If you've inherited a 20‑year‑old codebase with mysterious memory growth, this guide is for you.
You can't fix a leak if you can't reproduce.
This is your complete, production‑focused Valgrind investigation playbook.
It's based on real systems, real leaks, and real debugging pain.
Table of Contents
- The Workflow
- Step 1 — Reproduce the Leak
- Step 2 — Static Analysis
- Step 3 — Compile for Valgrind
- Step 4 — Run Valgrind
- Step 5 — Understand Valgrind's Leak Types
- Step 6 — Capture the Stack Trace
- Step 7 — Optional Regression Test
- Quick Reference
- Real‑World Example
- The Golden Rule
The Workflow
[Leak Trigger] → [Static Analysis] → [Compile Debug Build]
↓
[Run Valgrind] → [Interpret Leak Types] → [Stack Trace]
↓
[Regression Test]
Step 1 — Reproduce the Leak
You cannot find a leak if you cannot trigger it.
Measure memory growth
use the following script to track the total memory of your application used.
PID=$(pgrep your_service)
while true; do
echo "$(date): $(pmap $PID | grep total | awk '{print $2}')"
sleep 60
done
Interpretation:
| Pattern | Meaning |
|---|---|
| Linear growth | Per‑operation leak |
| Step‑function growth | Specific trigger |
| No growth | Wrong hypothesis |
Find the minimum trigger
Your goal: reproduce the leak in under 10 minutes.
Why?
- Valgrind slows execution by 20–50×
- A 10‑minute trigger becomes 3–8 hours
- A 1‑hour trigger becomes 2–5 days
Why this matters: If your trigger is too slow, Valgrind becomes unusable.

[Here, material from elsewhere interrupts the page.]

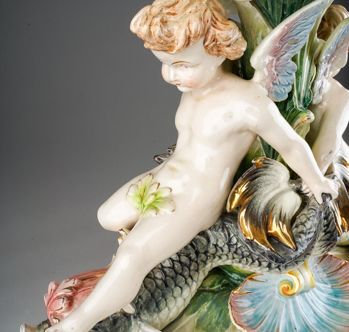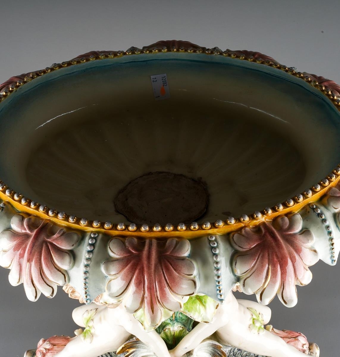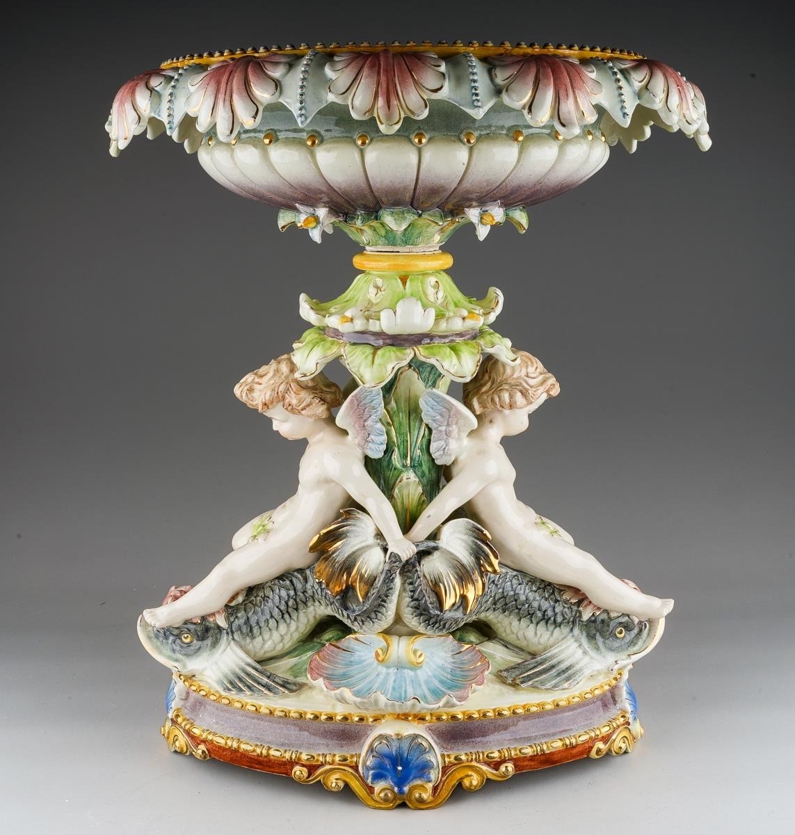 An early 20th Century German Majolica style large table centrepiece, the detachable oval bowl with acanthus leaf border above gadroon section, the base modelled with a pair of winged putti on dolphins with clam shells between, raised on oval plinth with scrolls, egg-and-dart moulding and shells., impressed Made in Germany Neuhaldensleben fish shaped stamp and numbered 535, approx 50.5cm high x 40cm wide

Step 2 — Static Analysis (5 minutes, zero runtime cost)
Before running anything, let the compiler find the obvious issues.
Clang Static Analyzer
scan-build make
Look for "Memory leak" warnings (ignore "Potential leak").
clang‑tidy
clang-tidy legacy_file.cpp \
--checks='-*,clang-analyzer-*,cppcoreguidelines-owning-memory'
Finds:
-
newwithoutdelete -
mallocwithoutfree - Raw owning pointers
Misses:
- Cycles
- Third‑party leaks
- Runtime‑dependent leaks
Why this matters: Static analysis gives you free wins before you even run the program.
Step 3 — Compile for Valgrind
Valgrind is useless without debug symbols. So first thing you should do is to compile the whole application with debug flag.
g++ -g3 -O0 -fno-omit-frame-pointer -o your_service your_service.cpp
| Flag | Purpose |
|---|---|
-g3 |
Full debug info |
-O0 |
Clean stack frames |
-fno-omit-frame-pointer |
Reliable backtraces |
Why this matters: Without debug symbols, Valgrind can't show you file/line numbers.
Step 4 — Run Valgrind
Run only the trigger you identified in Step 1.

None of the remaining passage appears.